I have realized that I am scared to death of teenagers. Perhaps its my genteel nature, my delicate primrose demeanor, or my flat out non-threatening nature.
When I see teenagers, I know how the gazelle feels. Just like in those nature specials, the gazelle can be having a snack of wheatgrass out on the plains, when along come a pack of vicious wolves, or hyaena. That is how I think of teenagers.
Like the hyaena, teenagers tend to travel in packs. They let out cackles that are both frightening and distracting. They are stronger in groups, as they hoot and holler and live through that group mentale. The gazelle on the other hand is svelte, much like me, and gentle. They tend to their young, and gingerly step through the fields where they live, eat, and play.
Putting them together is a bad idea. Much like putting me with a group of teenagers. Looking over my shoulder, and imagining that every hushed conversation they have among themselves is a plot to somehow overtake me. Steal my wallet, knock me down, tussle my hair, rip my button down collared shirts.
Lately, groups of teens have been coming to the library. This is good, afterall, they aren't out on the streets terrorizing pedestrians on their skateboards, and trying to rush through on-coming traffic. Instead, they turn to my territory: the library.
I'm sure most of them are well meaning, misguided, overly pierced people. Their tattoos and gamey scent only hide the true inner being they hope will shine through by entering the pearly gates of the literary world. Somehow, you can take the punk off the street, but you can't take the street out of the punk. In a well meaning way, they remove a book from the shelve - and make 10 more fall to the faux berber carpeting. They jam the photocopier while making copies of Anime monthly. They begin in gentle, soft voices but end up calling to their pack in loud, alpine worthy tones. The impression they may have hoped to leave with us never arrives. Instead, like a poorly made James Bond martini, they leave me both shaken and stirred.
I like the gazelle stay alert. I look for all their tell tale signs of attack...sudden movement, an unexpected calm, a sideways glance from their shifty pubescent eyes. Librarians must stay alert when they enter, like the Victorian Safari hunters of yesteryear. I must be ready at any moment to dash with my long legs into the staff canteen, hiding with the other innocents until the terror has passed.
Like the gazelle, I can slip back to my graceful composure while retaining my innate sense of impending danger, ready for the next group to enter the library.
I was a teenager once, and I don't think anyone was afraid of me. Perhaps I've been like a gazelle my whole life. I wonder what it is about them that is so startling? Perhaps it's that they are the next wave of librarians. Which of them will escape the pack? Or will it be the other gentle natured gazelle-like boys that contain the gen-x replacement series.
When I am old will I want them to help me? Will I trust them?

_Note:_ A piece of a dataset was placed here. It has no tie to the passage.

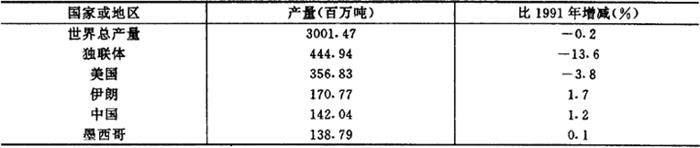 历史地考察,自1949年至1991年,天然气产量先后出现了四次增长、三次下降。这表明我国天然气工业具有较为明显的波动性。 1949~1991年,我国共生产天然气2633.99×108立方米。 1991年,陕甘宁又发现了大气田,我国天然气工业今后将出现一个更大的发展。 在中国石油天然气工业发展的四十多年间,页岩油工业也有了较为显着的发展。目前,茂名油页岩基地已经全面投入开发。页岩油加工业不断发展。在美国等西方石油大国炼油能力下降的大背景下,中国的页岩油加工技术和页岩油工业一直蓬勃发展。 中国的石油加工业已经发展到了比较成熟的阶段。1991年,中国共加工原油113.63百万吨,生产汽油23.45百万吨、煤油4.06百万吨、柴油27.66百万吨、润滑油1.73百万吨、化工轻油8.01百万吨。 2.中国石油工业在世界上的地位 我国石油工业经过几十年的发展,目前已经具备了自成体系、产量稳定、投资活跃的油气勘探开发特色,并实现了产油大国的理想。近年来,中国原油产量连续名列世界第五位。 1992年,世界原油总产量为3001.47百万吨,其中中国原油产量约占4.72%。产量超过中国的只有4个国家,即独联体(444.94百万吨)、沙特阿拉伯(410.34百万吨)、美国(356.83百万吨)和伊朗(170.77百万吨)(表1.3.1-3)。由表1.3.1-3可以看出,1992年世界原油产量比1991年下降了0.2%左右。由于前苏联解体,独联体国家原油产量下降了13.6%:美国原油产量继续下降,幅度竟达3.8%。由此可见,1992年中国原油产量的增长,无疑是对世界石油产量稳定的一大贡献。 表1.3.1-3 1992年世界原油产量

At 65 will I look at those 50 year old librarians with the same fear? Will librarians even be the same in 40 years? Reference interviews being held like shouting matches across a library that I helped build? Will roaming in the stacks turn into tracking down people to assault with the ambitious "can I help you find something?". Who knows.
Luckily, being a gazelle can only happen in the public realm. An African proverb says "Every morning in Africa, a gazelle wakes up. It knows it must outrun the fastest lion or be killed. Every morning in Africa a lion wakes up. It knows it must run faster than the slowest gazelle or it will starve. So whether you're the lion or gazelle, when the sun comes up, start running."
I don't run even when I'm being chased. Its too hard to light a cigarette when running.
Moral of this blog: Chain smoking gazelles should not work in public libraries. They are meant to create exhibition catalogues for Sotheby's or Christie's.